[Information shown — start]

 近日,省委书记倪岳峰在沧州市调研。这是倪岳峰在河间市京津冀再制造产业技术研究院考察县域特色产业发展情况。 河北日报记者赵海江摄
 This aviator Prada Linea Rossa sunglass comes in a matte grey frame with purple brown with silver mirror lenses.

[Information shown — finish]
[Information shown — start]

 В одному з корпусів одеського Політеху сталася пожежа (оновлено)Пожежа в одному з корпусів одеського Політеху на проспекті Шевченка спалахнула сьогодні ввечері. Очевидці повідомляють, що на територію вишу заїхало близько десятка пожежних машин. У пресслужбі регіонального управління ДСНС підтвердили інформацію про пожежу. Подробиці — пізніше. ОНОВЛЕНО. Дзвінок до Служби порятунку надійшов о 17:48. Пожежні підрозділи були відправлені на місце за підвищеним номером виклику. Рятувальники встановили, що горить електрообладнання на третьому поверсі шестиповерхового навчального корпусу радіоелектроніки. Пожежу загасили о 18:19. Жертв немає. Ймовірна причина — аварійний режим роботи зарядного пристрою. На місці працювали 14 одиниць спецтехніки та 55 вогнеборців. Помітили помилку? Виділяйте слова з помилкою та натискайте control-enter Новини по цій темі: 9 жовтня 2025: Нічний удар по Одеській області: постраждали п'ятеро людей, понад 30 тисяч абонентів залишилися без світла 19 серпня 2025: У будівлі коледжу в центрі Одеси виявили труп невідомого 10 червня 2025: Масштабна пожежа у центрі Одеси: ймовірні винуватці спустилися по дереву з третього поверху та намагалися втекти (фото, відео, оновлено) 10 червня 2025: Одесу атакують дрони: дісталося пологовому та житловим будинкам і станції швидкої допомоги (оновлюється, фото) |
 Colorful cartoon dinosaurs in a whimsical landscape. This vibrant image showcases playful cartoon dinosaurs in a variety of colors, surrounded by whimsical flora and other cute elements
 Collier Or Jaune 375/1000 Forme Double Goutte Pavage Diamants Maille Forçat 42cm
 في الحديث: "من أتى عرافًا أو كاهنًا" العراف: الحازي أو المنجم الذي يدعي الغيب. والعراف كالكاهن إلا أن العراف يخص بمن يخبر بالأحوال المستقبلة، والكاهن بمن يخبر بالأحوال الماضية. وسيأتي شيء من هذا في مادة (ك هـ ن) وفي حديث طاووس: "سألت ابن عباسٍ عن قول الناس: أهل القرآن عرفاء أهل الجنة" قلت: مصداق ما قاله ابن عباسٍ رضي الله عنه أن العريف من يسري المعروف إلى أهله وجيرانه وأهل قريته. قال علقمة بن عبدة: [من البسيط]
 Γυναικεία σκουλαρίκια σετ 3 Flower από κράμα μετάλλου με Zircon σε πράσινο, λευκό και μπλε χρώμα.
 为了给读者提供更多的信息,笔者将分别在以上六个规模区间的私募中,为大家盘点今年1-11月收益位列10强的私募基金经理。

[Information shown — finish]

■ Work required:
Show all lines in the entries above where the word "This" appears.

■ Response below:
 This aviator Prada Linea Rossa sunglass comes in a matte grey frame with purple brown with silver mirror lenses.
 Colorful cartoon dinosaurs in a whimsical landscape. This vibrant image showcases playful cartoon dinosaurs in a variety of colors, surrounded by whimsical flora and other cute elements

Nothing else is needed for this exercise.